The partitioning of the total sediment load of a river into suspended load and bedload is an important problem in fluvial geomorphology, sedimentation engineering and sedimentology. Bedload transport rates are notoriously hard to measure and at many sites only suspended load data are available. Often the bedload fraction is estimated with rule-of-thumb methods such as Maddock’s Table, which are inadequately field-tested. Here the partitioning of sediment load for the Pitzbach is discussed, an Austrian mountain stream for which high temporal resolution data on both bedload and suspended load are available. The available data show large scatter on all scales. The fraction of the total load transported in suspension may vary between zero and one at the Pitzbach, while its average decreases with rising discharge (i.e. bedload transport is more important during floods). Existing data on short- and long-term partitioning is reviewed and an empirical equation to estimate bedload transport rates from measured suspended load transport rates is suggested. The partitioning averaged over a flood can vary strongly from event to event. Similar variations may occur in the year-to-year averages. Using published simultaneous short-term field measurements of bedload and suspended load transport rates, Maddock’s table is reviewed and updated.

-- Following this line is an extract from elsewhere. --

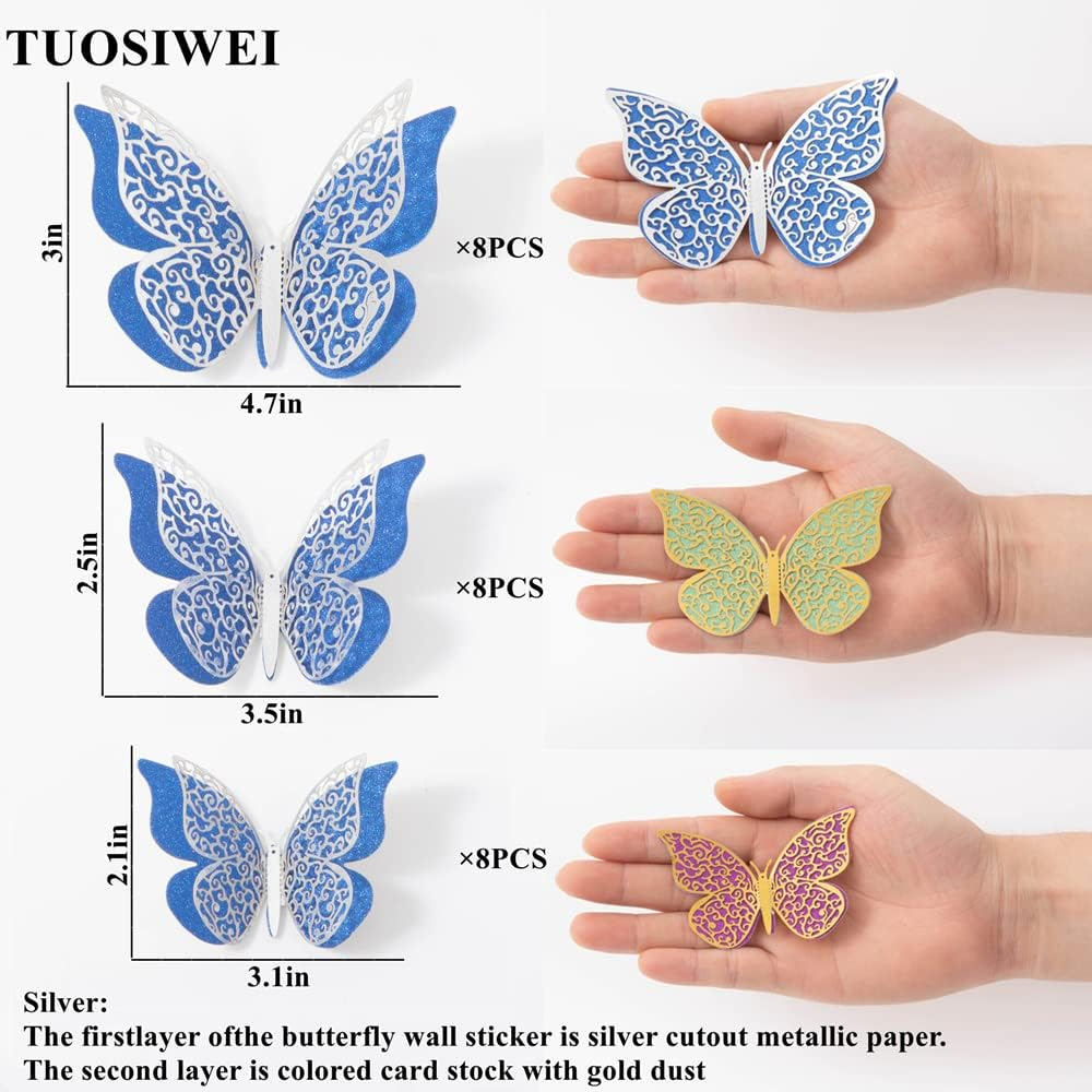4 mariposas de 8.5cm x 11.8cm4 mariposas de 7cm x 9.8 CM4 mariposas de 5.5cm x 7.7cm12 cuadritos adhesivos para pegar mariposas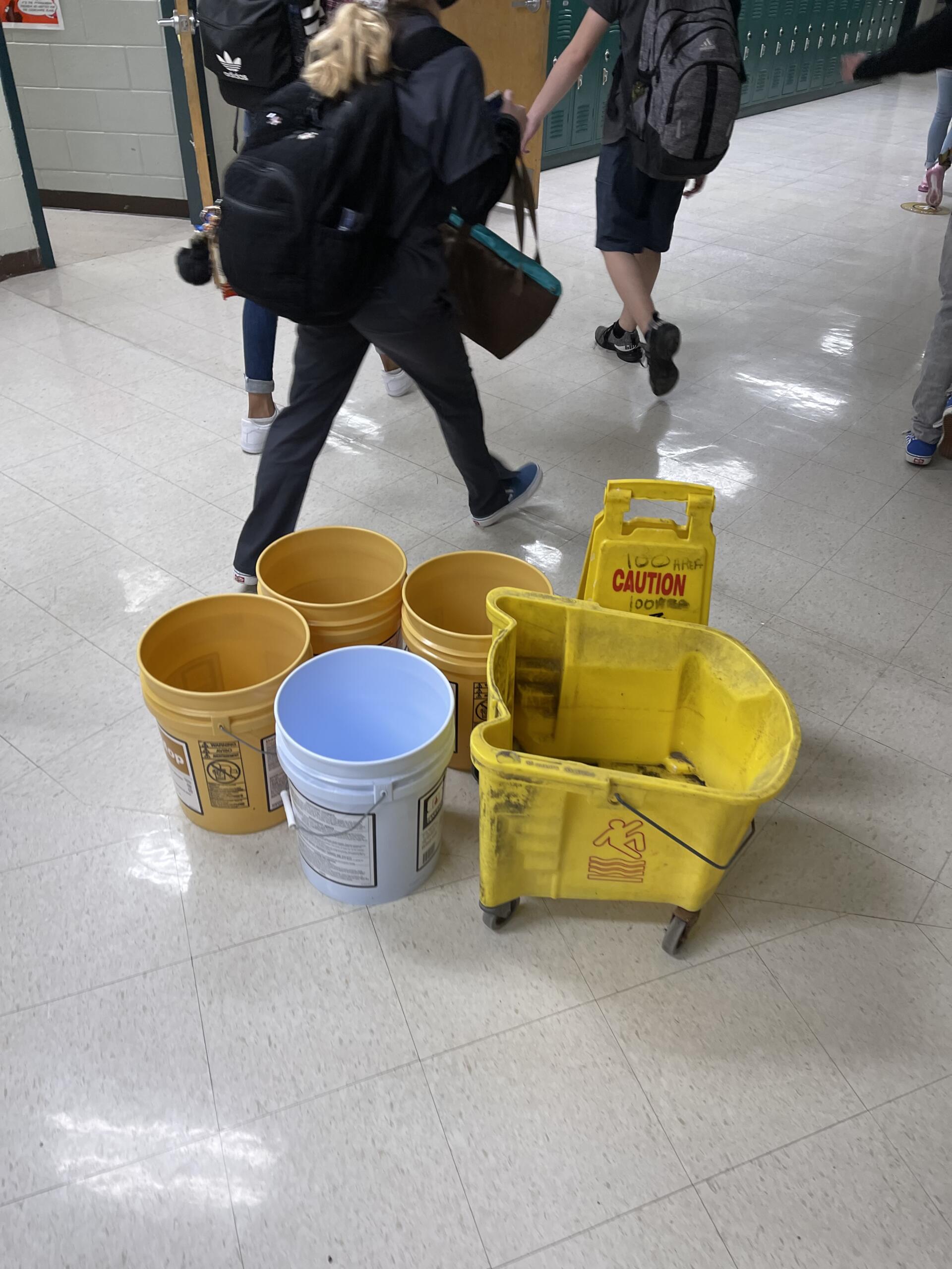 Clarksville Now received images of the water-damaged ceiling at Northwest, with a number of buckets and trash cans being used to catch leaking water.

Long-term average partitioning could be a function of the catchment geology, the fraction of the catchment covered by glaciers and the extent of forest, but the available data are insufficient to draw final conclusions. At a given drainage area, scatter is large, but the data show a minimal fraction of sediment transported in suspended load, which increases with increasing drainage area and with decreasing rock strength for gravel bed rivers, whereby in large catchments the bedload fraction is insignificant at ~1%. For sand bed rivers, the bedload fraction may be substantial (30-50%) even for large catchments. However, available data are scarce and of varying quality. Long-term partitioning varies widely among catchments and the available data are currently not sufficient to effectively discriminate control parameters.